Quality Assurance (4b and 5a)
A key question is whether to share only data passing certain quality criteria, or to share all data regardless of quality, thereby placing responsibility for quality control in the hands of users. The complicating reality is that there is no consensus regarding data quality standards to guide the detection of outliers. Even if standards for data quality were established, data rejected based on current standards may become useful in the future as correction algorithms that can “rescue” some of the previously rejected datasets are developed.
As such, we suggest the ideal model to be full data-release, independent of data-quality. This is not to suggest against the merits of including quality assurance measures based upon current standards with data release, as a guide for less experience data-users. It is our hope that over time, as novel and more effective quality assurance measures are developed, the metrics provided with data would be dynamically updated.
The initial release of the 1000 Functional Connectomes Project (FCP) provides a valuable lesson with regards to value of letting the larger scientific community identify and address problematic data. Specifically, the initial release contained 4 datasets with “right-left” orientation flips – one of which had half the images in one R-L orientation, and the other half in another (unknown to the contributors). Reviewer of the data by users, led to identification and correction of these problematic datasets for both – the larger community and the contributing sites. This simple occurrence demonstrates the potential value of allowing the larger community to address data concerns, rather than individuals labs.
Phenotypic Harmonization (7)
The utility of aggregating imaging data across independent sites depends on the collection of common phenotypic information. Unfortunately, no commonly accepted standards for collecting phenotypic information exist. The NIH Toolbox attempts to address this issue, but significant concerns exist in the community regarding the scope, thoroughness, and availability of the toolbox. Additionally, it does not directly probe psychiatric illness.

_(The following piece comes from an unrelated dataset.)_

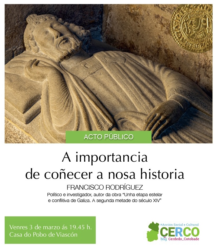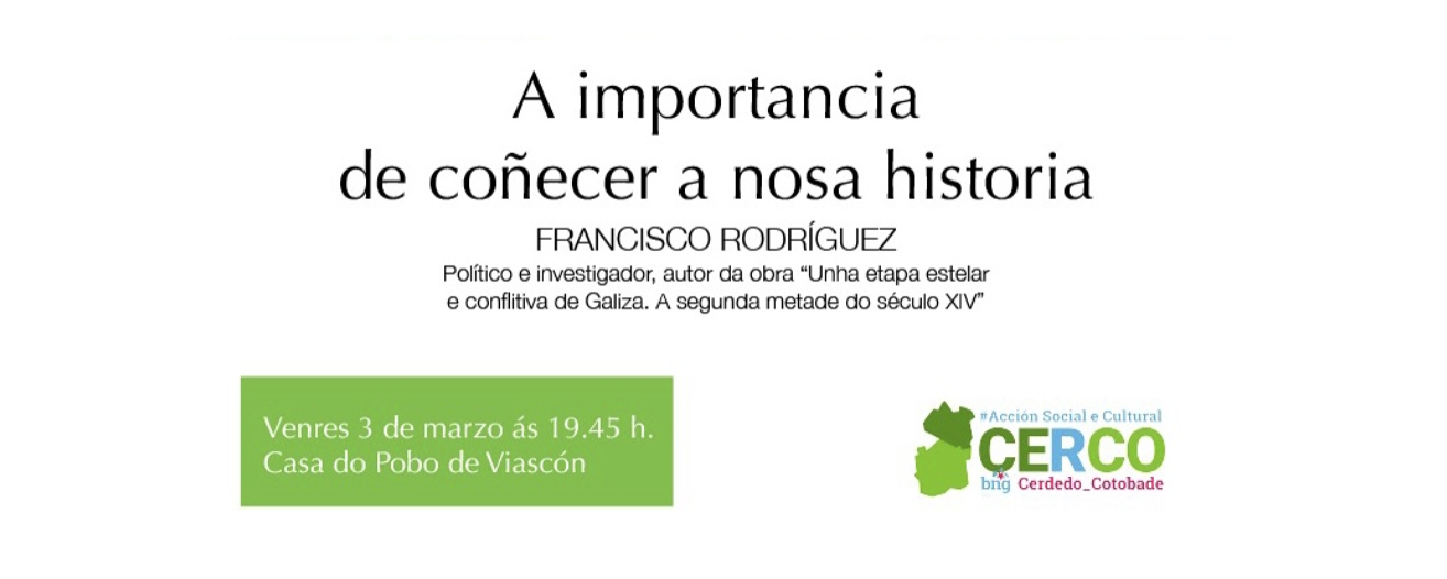 Acción Social e Cultural “Cerco” de Cerdedo-Cotobade organiza para este venres, 3 de marzo ás 19.45 h. unha charla na Casa do Pobo de Viascón para abordar a importancia e necesidade de coñecermos a nosa propia historia. A charla será impartida polo coñecido político, ensaista e investigador, Francisco Rodríguez Sánchez, que ven de publicar recentemente unha magna obra titulada “Unha etapa estelar e conflitiva de Galiza. A segunda metade do século XIV”, que, en dous extensos e documentados volumes, aborda a etapa medieval de normalidade e esplendor do reino de Galiza, e a crise da segunda metade do século XIV. Esta obra deita luz sobre o noso pasado medieval e as deformacións e ocultacións que se produciron sobre este periodo, e contribúe a coñecernos este tempo histórico fundamental da nosa historia.
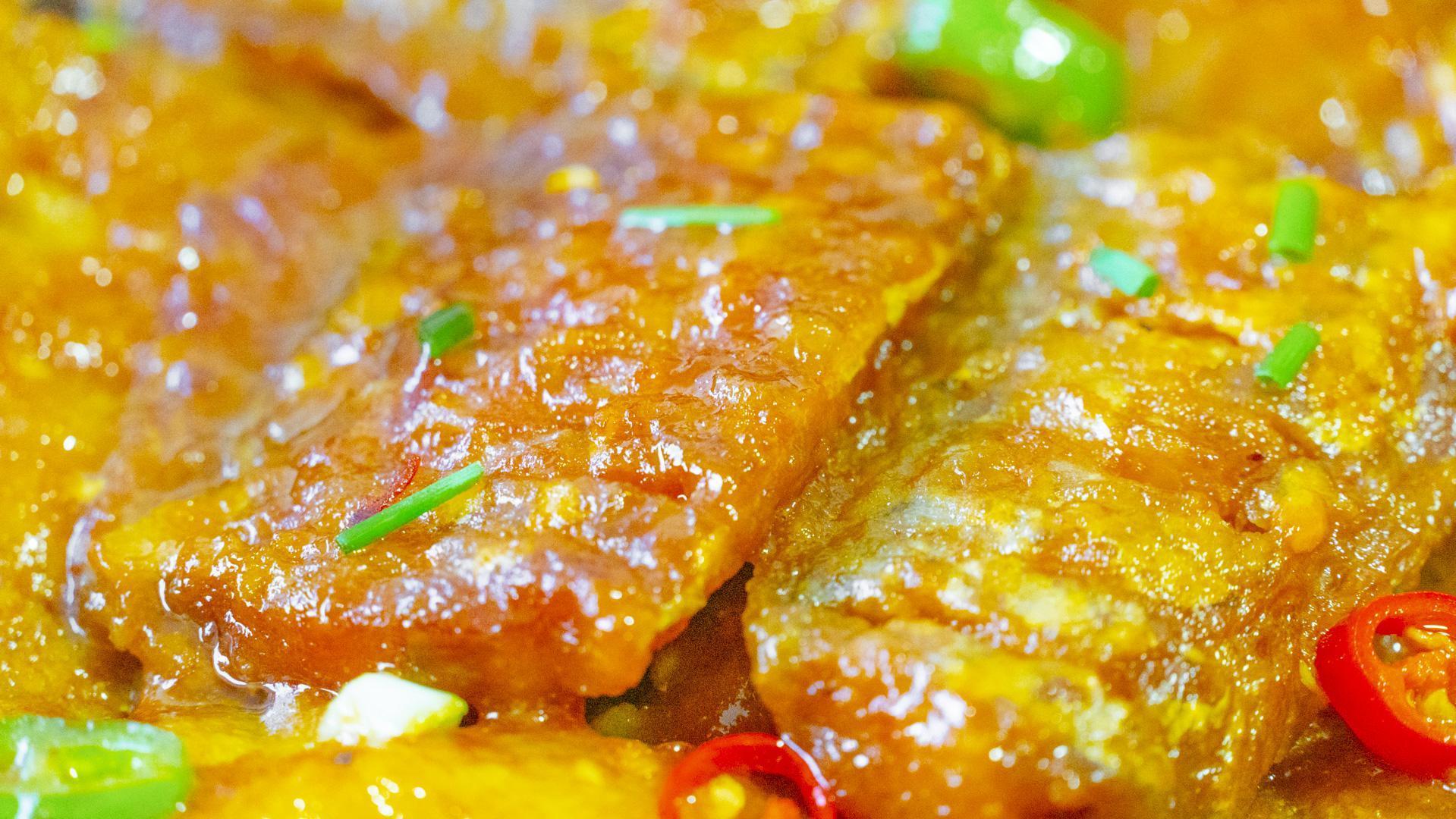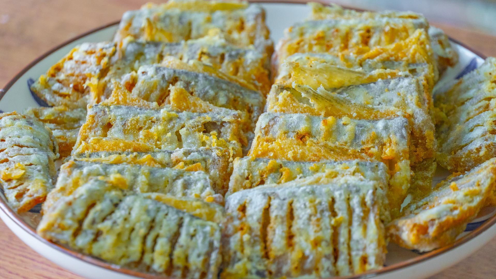 6、帶魚剛入鍋的時候,千萬不要着急用筷子或者是鍋鏟去翻動,可以端着鍋晃動幾下,等帶魚定型後再翻動,帶魚纔不會爛。

The International Neuroimaging Data-sharing Initiative (INDI) is launching two efforts that may serve as models. First, the INDI is promoting the global usage of the Achenbach System of Empirically Based Assessments (ASEBA), which provides standardized dimensional measures of psychological symptomatology. The ASEBA consists of easily administered self-report and informant questionnaires, that are normed between ages 1.5 and 90+ years, and available in more than 85 languages. Other similar instruments will be needed to maximize our ability to work across labs. Second, INDI will soon be initiating the Enhanced NKI Rockland Sample (NKI-RS). Now sponsored by the NIMH, the NKI-RS sample will make use of a comprehensive battery of established assessment instruments brought together to broadly probe psychiatrically relevant behavioral domains across the lifespan (ages: 6-85). Creation of a centralized web-based repository of such phenotypic assessment batteries for open usage by the community could rapidly advance harmonization of phenotypic data.